Super sniper Naoto Tsuji is set to break out in a big way in Changsha.
(image from FIBA Asia)

Players to watch:
- With Kosuke Takeuchi out, the onus is on veterans Joji Takeuchi and Atsuya Ota to patrol the paint. Without a doubt, this Japanese team will give up a lot of size against most Asian squads, but that doesn’t mean they are wanting for talent. A platoon of 6’6 guys are tasked to backstop Joji and Ota, led by mobile frontliners Ryumo Ono and Yuki Mitsuhara. Watch out, too, for 17-year-old Rui Hachimura, who has been tagged the future of Japanese basketball (along with Yuta Watanabe, of course). Whereas the frontline will be relatively weak, though, Japan will excel tremendously at the perimeter with a plethora of speedy wings and sharpshooters. Kanamaru leads the way here, with fellow dead shots KJ Matsui and Naoto Tsuji raring to launch from the parking lot. Yuta Tabuse, that smallish guy who played a few games for the Phoenix Suns back in the day, will also play in the FIBA Asia Championship for, get this, the first time ever. He’s the oldest one here at 34, but he still packs a punch.

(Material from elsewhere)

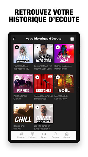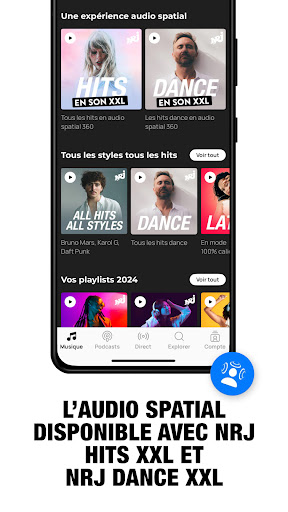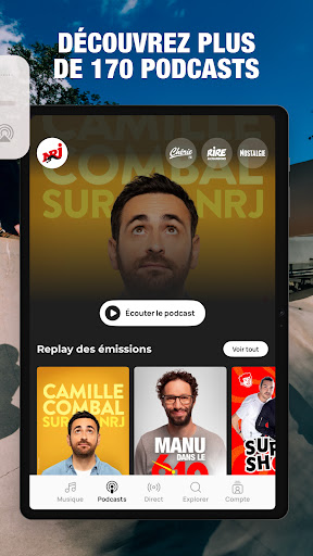 NRJ : UNE SEULE APP POUR ECOUTER 250 RADIOS, DES PLAYLISTS & PODCASTS EN EXCLU Découvrez l’application NRJ pour écouter gratuitement en ligne : radio, playlist, podcast et replay de vos émissions favorites ! Et retrouvez tous vos contenus préférés sans wifi en créant votre compte sur l’appli de musique NRJ. Directement depuis l’app NRJ, accédez aux 4 univers radios NRJ, Nostalgie, Chérie FM ou Rire & Chansons. Ecoutez aussi des centaines de webradio (playlist thème Humour, Zen, 80’s, Latino, Rap, RnB, Chanson française…), plus de 170 programmes podcasts dont de nombreuses créations originales et exclusivités ! En ce moment, rendez-vous sur la radio en ligne NRJ Hits XXL et NRJ Dance XXL pour vivre une nouvelle expérience unique en Son Audio Spatial ! APPLI NRJ : DE LA MUSIQUE GRATUITE EN QUALITÉ DIGITALE • NRJ, radio musicale N°1, vous offre tous les derniers tubes Pop, Electro, Dance, Rnb et Urbain en qualité digitale HD 576 kbps *. • Accès gratuit et en illimité à 250 Radios, des podcasts gratuits et à tous vos Hits musique préférés votre Smartphone, Tablette et dans votre voiture avec Android Auto. • Retrouvez en direct toutes vos émissions de radio préférées ! Suivez Manu dans le 6/10 (6h-10h), 1ère matinale de France, en Direct ou en Replay grâce aux podcasts des émissions. Tous les jours, entre 16h et 19h, écoutez Camille Combal et sa bande s’amuser de l’actualité du jour en compagnie d’invités surprise et jouez pour gagner des cadeaux ! • Retrouvez tous vos artistes favoris ! David Guetta, Ed Sheeran, Rosalia, Rihanna, Imagine Dragons, Maneskin, Bigflo et Oli, Miley Cyrus, Louane, Slimane, Harry Styles et tous les plus grands hits des stars internationales et françaises sont sur l’application mobile NRJ. LES FONCTIONNALITÉS DE L’APPLI NRJ RADIO & PODCAST • Création et connexion à votre compte NRJ pour gérer facilement vos contenus favoris et les écouter hors ligne. • Reprendre la lecture d’un podcast où vous l\aviez laissée grâce à la fonction de Reprise de lecture. • Ajoutez aux Favoris vos radios préférées et les podcasts qui vous intéressent pour ne rater aucun nouvel épisode ! • Téléchargement des épisodes podcasts en local sur votre appareil mobile ainsi que 30 minutes de certaines radios. • Géolocalisation pour écouter votre radio NRJ locale et tous vos podcasts locaux infos, actualités, humour... • Switcher de radio en appuyant sur le logo NRJ, Nostalgie, Chérie FM ou Rire & Chansons pour basculer automatiquement dans l\univers de cette radio (accès à l\ensemble du catalogue radios et podcasts NRJ Group). • Fonction \Réveil\ pour se réveiller avec NRJ ou une des 250 radios de votre choix. • Fonction \Veille\ pour s’endormir en musique ou avec un podcast. • Trouvez vos radios avec la fonction \Recherche\ depuis l\écran Explorer. • Retrouvez les titres diffusés durant les dernières 24h avec la fonction \C\est quoi ce titre ?\ depuis l\écran Explorer. Une suggestion, Une remarque, des difficultés avec l\App NRJ ? Contactez-nous via le formulaire disponible dans les préférences de l’app NRJ ou en cliquant sur « Assistance » dans l’onglet « Notes et Avis » de l’AppStore. Suivez votre radio NRJ sur les réseaux sociaux Facebook, Insta, Twitter, YouTube et TikTok ! -- * Précaution d’emploi : Attention, l\utilisation d\un réseau internet de données (3G/4G/5G/Wifi) peut engendrer des frais supplémentaires auprès de votre opérateur ou fournisseur d\accès, dont le groupe NRJ se décharge de toute responsabilité. Soyez attentif à votre consommation de données si vous disposez d\un forfait limité ou non adapté au Streaming. Dans le doute, nous vous invitons à vous rapprocher de votre opérateur ou fournisseur d\accès. Attention, sur Android 6.x et plus particulièrement sur les modèles Samsung, le mode économie d’énergie désactive toutes appli qui consommeraient de la data (3G/4G) lors de mise en veille.

Yuta Tabuse will finally grace the FIBA Asia Championship this year!
(image from Taiwan Hoops)

- Given that Japan is in the “lighter” half of the brackets, Team Hayabusa is heavily favored to reach the quarterfinals alongside defending champion Iran and perennial contender Philippines. Beyond that, however, this all-local cast will be hard-pressed to impress. No matter who they face from the other side of the groupings, it certainly looks like the Japanese will be at a disadvantage, and I wouldn’t be surprised if they finish outside the top four. That would still be an improvement, though, as they finished in ninth place in 2013.

Kosuke Kanamaru is set to burn the hoops again from long range for Team Hayabusa.